§ **What is required**
Return the listing below exactly as it stands. Pictures stay out.

§ **Provided data**
···

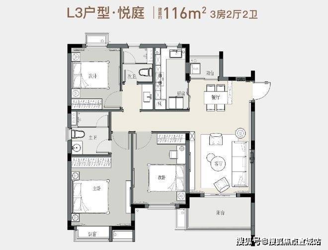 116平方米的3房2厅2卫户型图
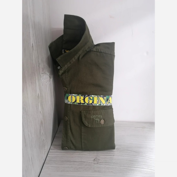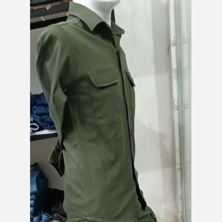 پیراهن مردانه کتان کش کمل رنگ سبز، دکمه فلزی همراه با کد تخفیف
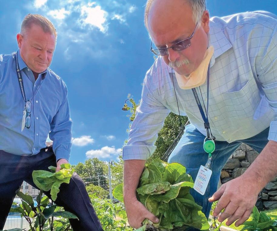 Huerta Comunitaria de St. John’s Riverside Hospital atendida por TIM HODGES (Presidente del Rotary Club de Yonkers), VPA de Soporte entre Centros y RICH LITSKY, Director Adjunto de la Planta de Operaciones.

···

§ **Reply to the task**
 116平方米的3房2厅2卫户型图
 پیراهن مردانه کتان کش کمل رنگ سبز، دکمه فلزی همراه با کد تخفیف
 Huerta Comunitaria de St. John’s Riverside Hospital atendida por TIM HODGES (Presidente del Rotary Club de Yonkers), VPA de Soporte entre Centros y RICH LITSKY, Director Adjunto de la Planta de Operaciones.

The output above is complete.